The notion that checking for attention is somehow opposed to richer forms of thought feels a little eccentric. Being able to repeat what’s just been said, to reassemble what’s been previously taught is small step towards the meaning making that we all value.
Moore-Anderson seems to view checking for attention as belonging to a crude transmission model of teaching in which knowledge is poured from one mind into another. Because he rejects that model, he concludes that the routine itself is suspect. But this sets up a false choice. To say that students must attend isn’t to say that explanation alone is enough. To say that students must be able to repeat or recognise what has just been taught isn’t to say that repetition is the end point of learning. It’s simply to acknowledge the fact that if students have not attended to the explanation, they are in no position to infer, predict or choose anything useful about it.
Students cannot make inferences, predictions, or choices about an explanation they haven’t followed. Anderson’s preferred alternative depends on the very attentional conditions he treats as suspect. Before a student can answer, “What if this weren’t true?” they must first have attended to what “this” is. Inference is only made possible by attention.
Teachers don’t stand in front of a class wondering whether cognition is fundamentally enactive or computational. We’re confronted with a room full of children in which some are attentive, some pretending, some drifting, some lost, some trying hard but failing to track. Our problem is practical and immediate: how do we know whether every students is with me right now? If we can’t answer that question, everything else is build on sand.
We should definitely resist a reductive view of the mind, but this does not invalidate the classroom need to check whether students are actually listening.

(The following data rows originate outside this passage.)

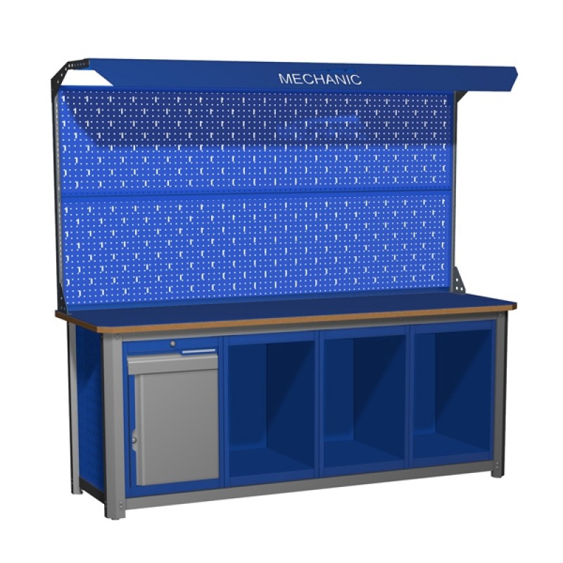 Размеры (ВхШхГ): 2000x870x700 ммНаличие ящиков: 1 выдвижной ящикНаличие экрана: с двойным экраном и подстветкойНаличие тумб: четырехтумбовыйВиды тумб: тумбы с ящиками и дверьюВид столешницы: сталь (6 мм) и фанера (24 мм)Верстак MECHANIC служит для проведения различных слесарных работ в мастерских, учебных и производственных цехах. Надежная фанерная столешница верстака и стальная рама с четырьмя опорами, позволяют выдерживать груз до 3000 килограмм. В конструкции предусмотрены четыре тумбы для инструментов, которые представляют собой одну полку с дверцей и три открытые полки. В комплектацию входит экран и подсветка. Экран имеет крепления, предназначенные для установки дополнительных инструментов.
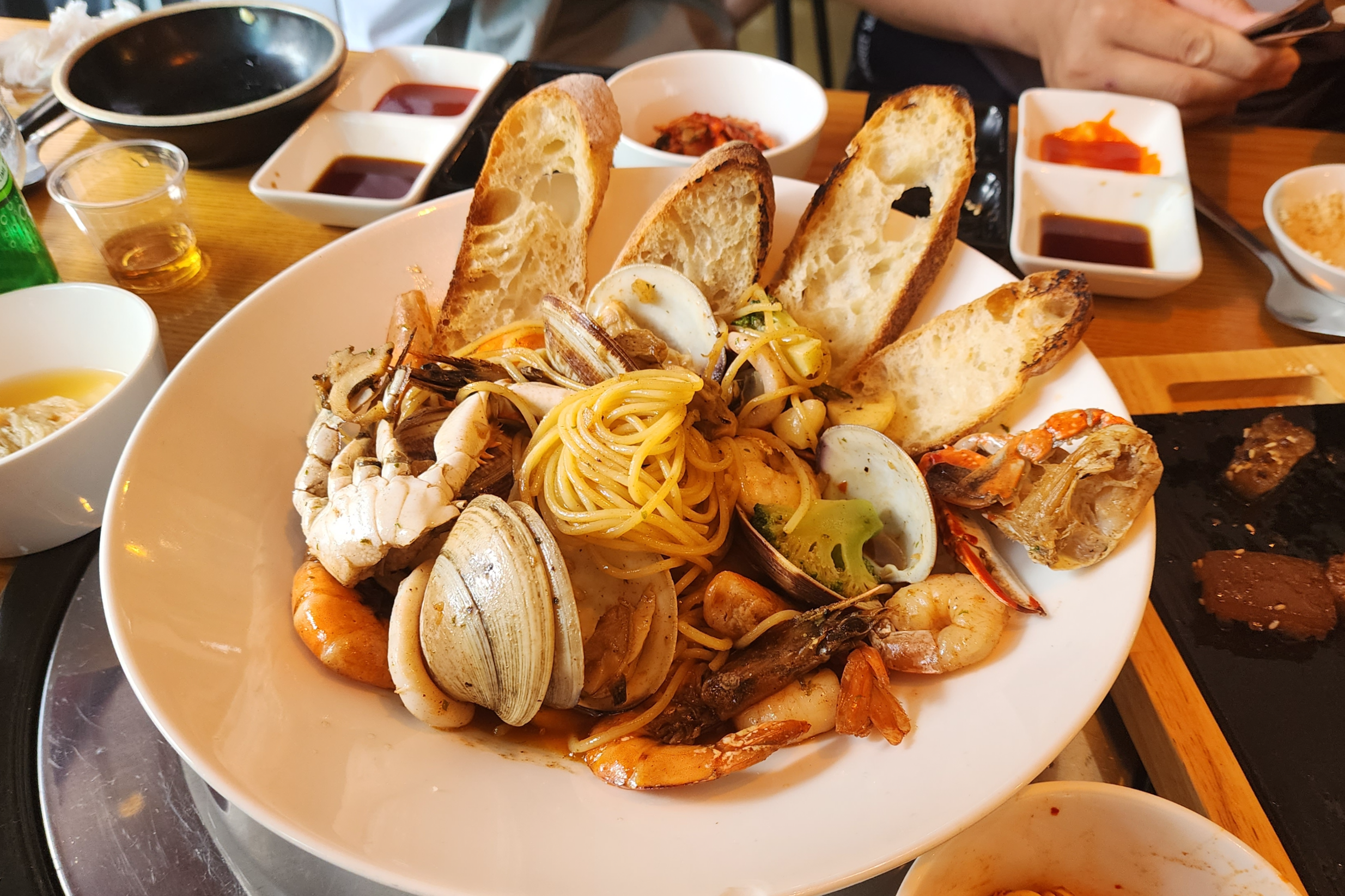 모임장소인 산토스틸라는 숙성회 등 해산물과 삼겹살 등 육류 구이를 함께 즐길 수 있는 곳이다. 오마카세 스타일로 주문할 수도 있다. 게다가 콜키지 프리! 술꾼에게는 최적의 장소다.
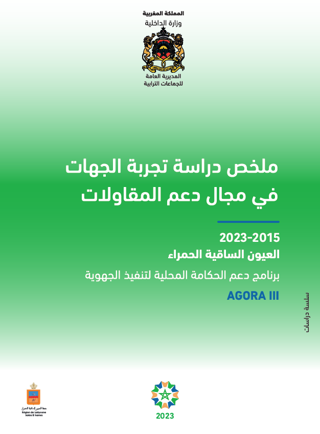 دراسة حول تجربة جهة العيون- الساقية الحمراء في مجال دعم المقاولات (2015–2023)هذا الإصدار حلقة من سلسلة دراسات حول تجربة الجهات في مجال دعم المقاولات (2015–2023). وهو عبارة عن ملخص دراسة حول تجربة جهة العيون- الساقية الحمراء في هذا المجال، حيث تقدم هذه الدراسة تقييما عاما للمبادرات المتخذة من طرف الجهة في مجال المواكبة الاقتصادية، قصد تعزيز الانسجام والأثر وتثمين المكتسبات. |
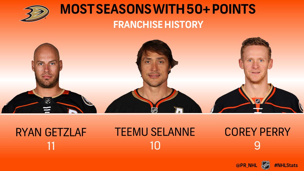 Ryan Getzlaf scored to reach the 50-point mark for the 11th time in his career and establish a franchise record for the most such seasons in @AnaheimDucks franchise history. #NHLStats #ANAvsDAL
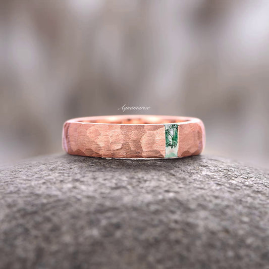 Moss Agate Wedding Band- 4MM Rose Gold Tungsten
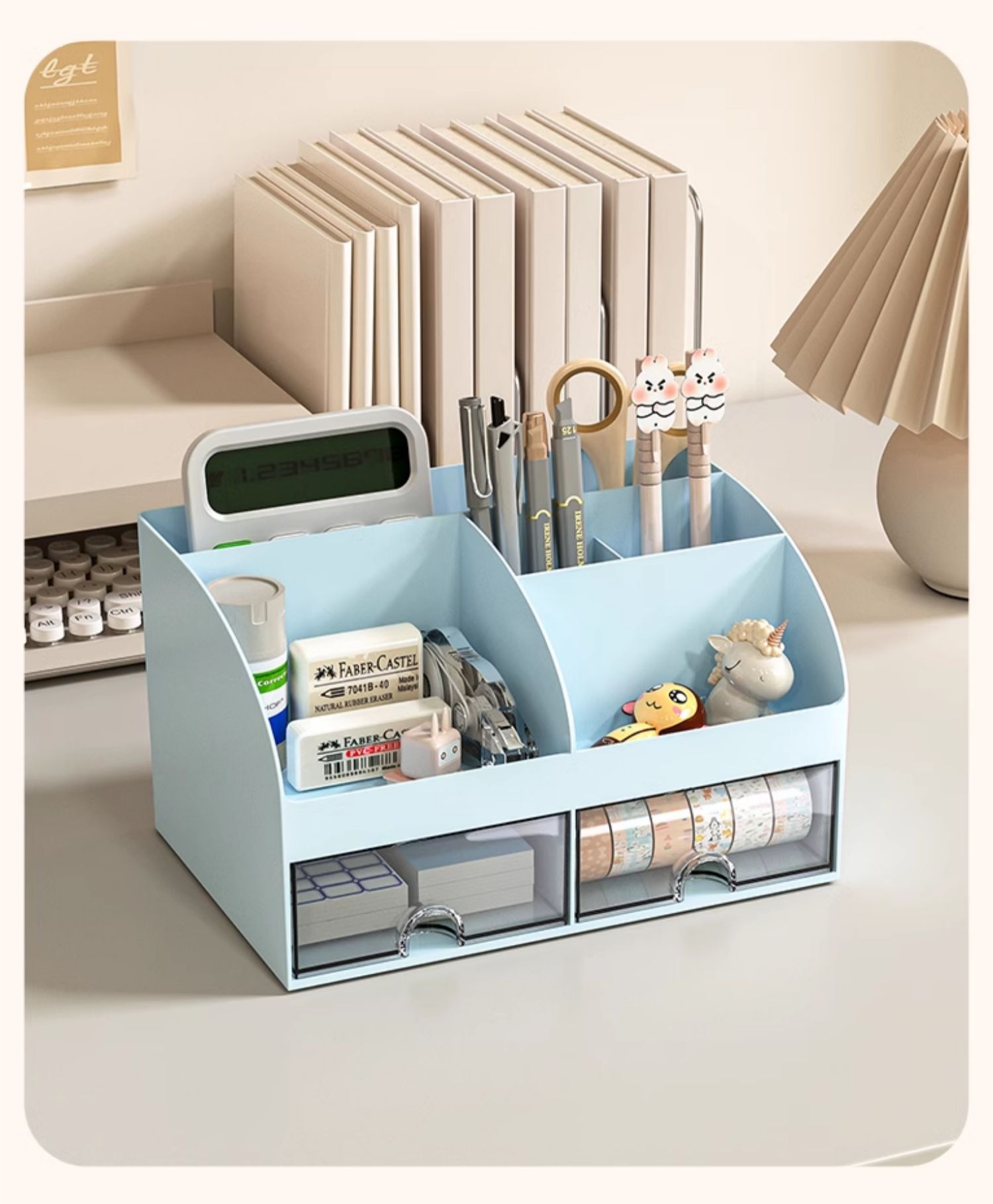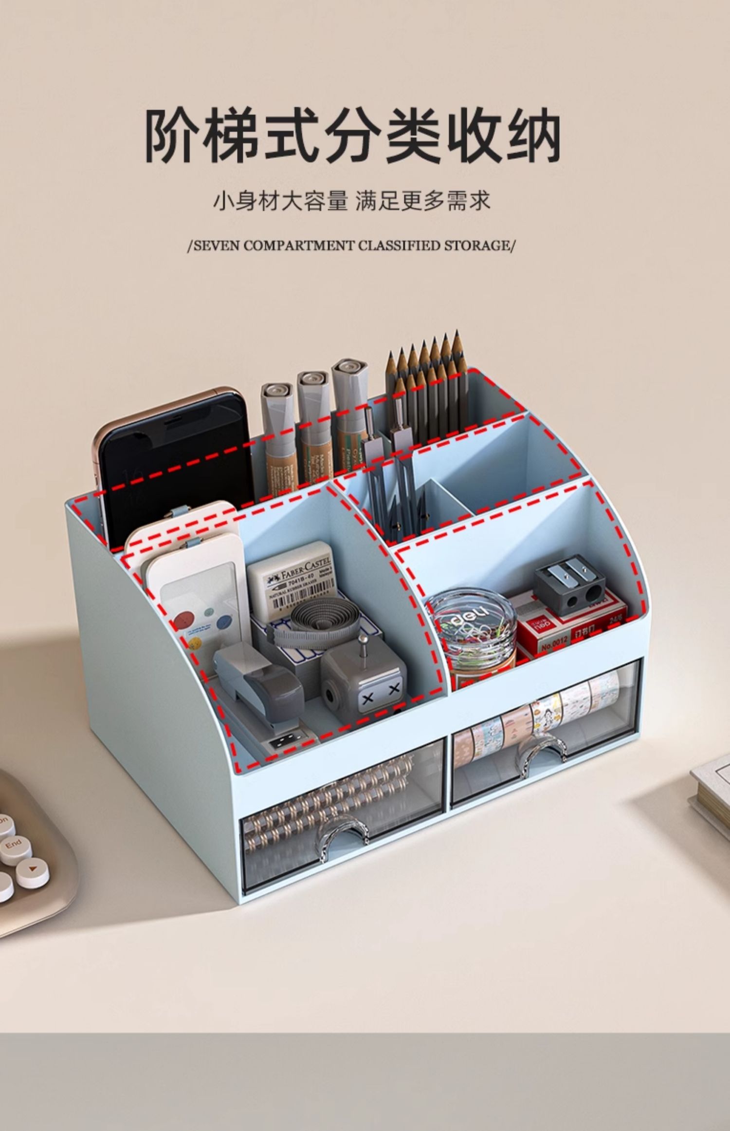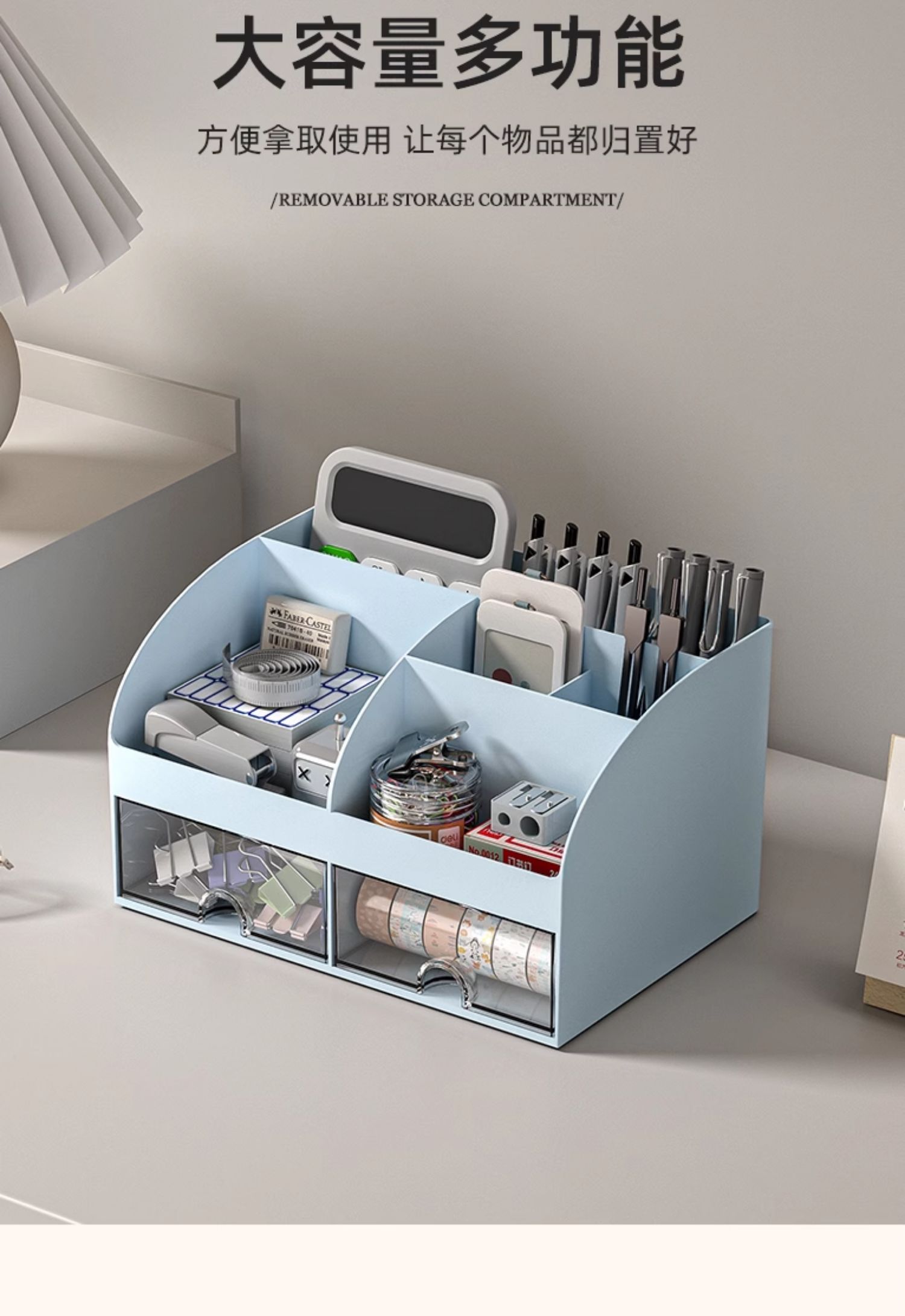 > 化妆品文具桌面收纳盒抽屉学生书桌笔筒工位神器办公室杂物置物架 冰川蓝 带双抽屉+顶部分格
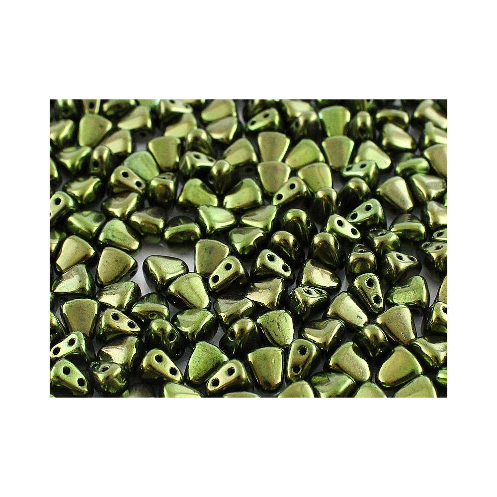 Smaragdově zelené odlesky s kovovým nádechem dodávají korálkům Matubo™ Nib-Bit hloubku, která vynikne v každém autorském projektu. Tyto dvoudírkové korálky o rozměru 6x5 mm jsou vyrobeny z kvalitní skloviny Preciosa Ornela a díky svému unikátnímu tvaru připomínajícímu zaoblený klín umožňují vytvářet plynulé křivky a kruhové motivy. České skleněné korálky značky Matubo jsou celosvětově uznávané pro svou přesnost a stálost povrchové úpravy, což z nich činí ideální volbu pro profesionální šperkaře i nadšené začátečníky.
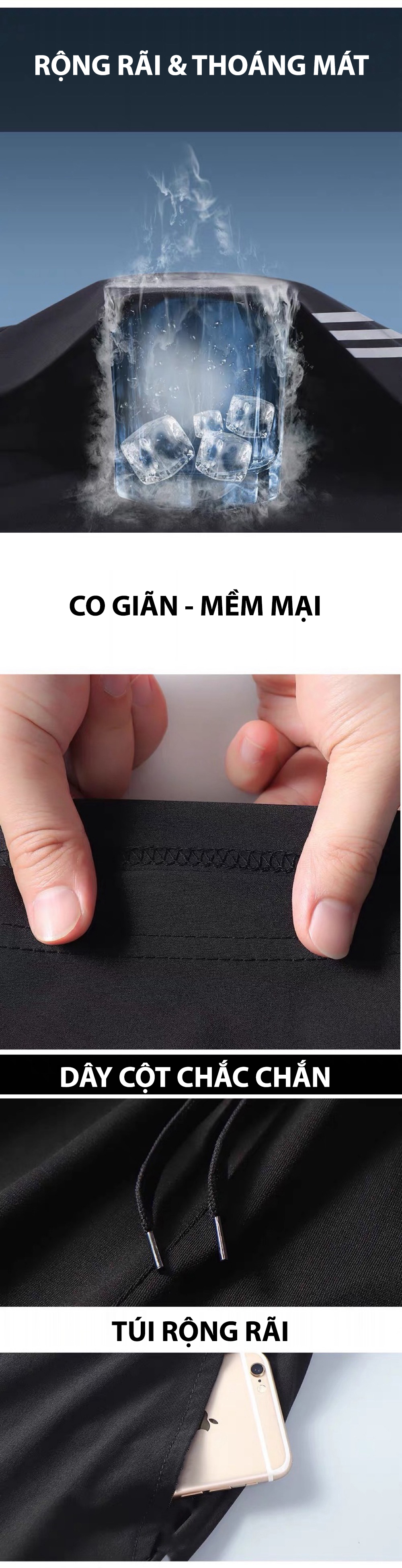 Thông tin cơ bản : - Chất liệu : Vải Sợi polyester (polyester) - Quần Có túi hai bên - Form dáng rộng rãi, vải mỏng thoáng mát , phù hợp với mùa hè - Thích hợp : Chạy bộ, tập gym, chơi các môn thể thao ngoài trời, mặc thường ngày,… - Quần short nhanh rô, thoáng khí & thầm hút mồ hôi - Kích cỡ : M, L, XL, 2XL, 3XL, 4XL, 5XL (Vui lòg tham khảo bảng size) * Giới thiệu chi tiết : - Kiểu dáng đơn giản, hết sức năng động. Sản phẩm dễ dàng phối với áo thun, thích hợp trong mọi hoạt động. - Chất liệu vải co dãn 4 chiều, không phai, không xù, không bám dính, thoải mái khi mặc. - Màu sắc: đen cơ bản kết hợp với các đường kẻ in rất phong cách - Phong cách: Đơn giản, trẻ trung, nam tính cho dù bạn sử dụng trong hoàn cảnh nào - Đường may tinh tế, tỉ mỉ trong từng chi tiết làm tăng độ thẩm mỹ của chiếc quần short - Chất lượng sản phẩm tốt, giá cả hợp lý, sử dụng lâu dài và tiện dụng
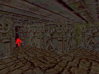 Entrer en évitant les boulets. Descendre dans le trou pour fermer les grilles. Suivre le couloir. Dans la salle suivante, tuer 2 statues de Shiva. Leur prendre 2 cimeterres. Ramasser une recharge fusil en haut des marches et une petite trousse dans le bassin. Mettre les deux cimeterres à la statue en haut : les grilles s'ouvrent.
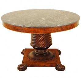 Walnut, Boxwood, and Maple Large Center Table with Marble Top

Students need to act with information, but to do so they must first register what’s been said. Of course we shouldn’t mistake compliance for understanding, but neither should we assume meaning making is possible without attention.
See MacLeod et al. (2010) on the production effect as a distinct memory phenomenon; MacLeod (2011) for evidence that producing material aloud enhances later recall; and Forrin and MacLeod (2018) for the added finding that hearing one’s own voice may contribute to this memory benefit.





From bluesky:
Ok, Here are my thoughts. Firstly, my surname is Moore-Anderson ;)
Secondly, it's clear that your response derives from assumptions of cognitivism. You reject my assumptions from enactivism because they are two competing fields/explanations of cognition. I think that is the most concise response.
There are several cases where you stray from my arguments and assumptions, for example:
"It’s simply to acknowledge the fact that if students have not attended to the explanation, they are in no position to infer, predict or choose anything useful about it."
My post was about securing attention.
And here, you show that you are basing your assumptions on classical cognitivism, which is exactly what I make explicit in my post:
"Inference is only made possible by attention." (action impossible without perception).
Whereas from enactivism, the assumption is action leads to perception.
Your claim here is that teachers don't have an epistemology, and possibly insinuate that your arguments are assumption free (both impossible and problematic):
"Teachers don’t stand in front of a class wondering whether cognition is fundamentally enactive or computational."
I'm sure those sold by classical cognitivism will agree with your post. Those who prefer enactive assumptions (or even contemporary cognitivism - like predictive process) will lean towards my argument. Which we choose to follow is something we can decide. Enactivist assumptions are my preference.